Without any pictures, print the lines below from the one that has "全年一般公共预算收入完成6." through the one that has "Het perceel waarop", exactly and nothing else.

Provided entries:

-- -- --

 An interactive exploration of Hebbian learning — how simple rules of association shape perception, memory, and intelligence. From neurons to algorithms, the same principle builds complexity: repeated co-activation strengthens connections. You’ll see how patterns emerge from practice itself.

-- -- --

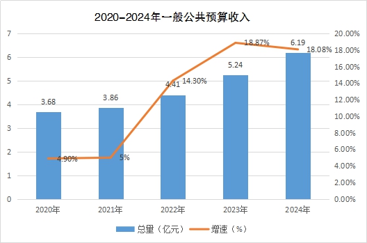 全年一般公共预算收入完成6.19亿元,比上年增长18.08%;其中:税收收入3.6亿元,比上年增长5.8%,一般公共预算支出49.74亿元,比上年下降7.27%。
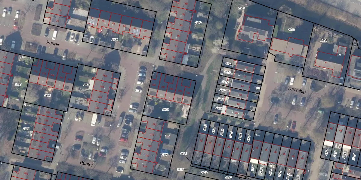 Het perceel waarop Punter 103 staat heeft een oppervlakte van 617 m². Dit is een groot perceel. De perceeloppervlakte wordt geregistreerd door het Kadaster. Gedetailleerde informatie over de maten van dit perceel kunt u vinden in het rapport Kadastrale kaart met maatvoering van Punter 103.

-- -- --

Written response:
 全年一般公共预算收入完成6.19亿元,比上年增长18.08%;其中:税收收入3.6亿元,比上年增长5.8%,一般公共预算支出49.74亿元,比上年下降7.27%。
 Het perceel waarop Punter 103 staat heeft een oppervlakte van 617 m². Dit is een groot perceel. De perceeloppervlakte wordt geregistreerd door het Kadaster. Gedetailleerde informatie over de maten van dit perceel kunt u vinden in het rapport Kadastrale kaart met maatvoering van Punter 103.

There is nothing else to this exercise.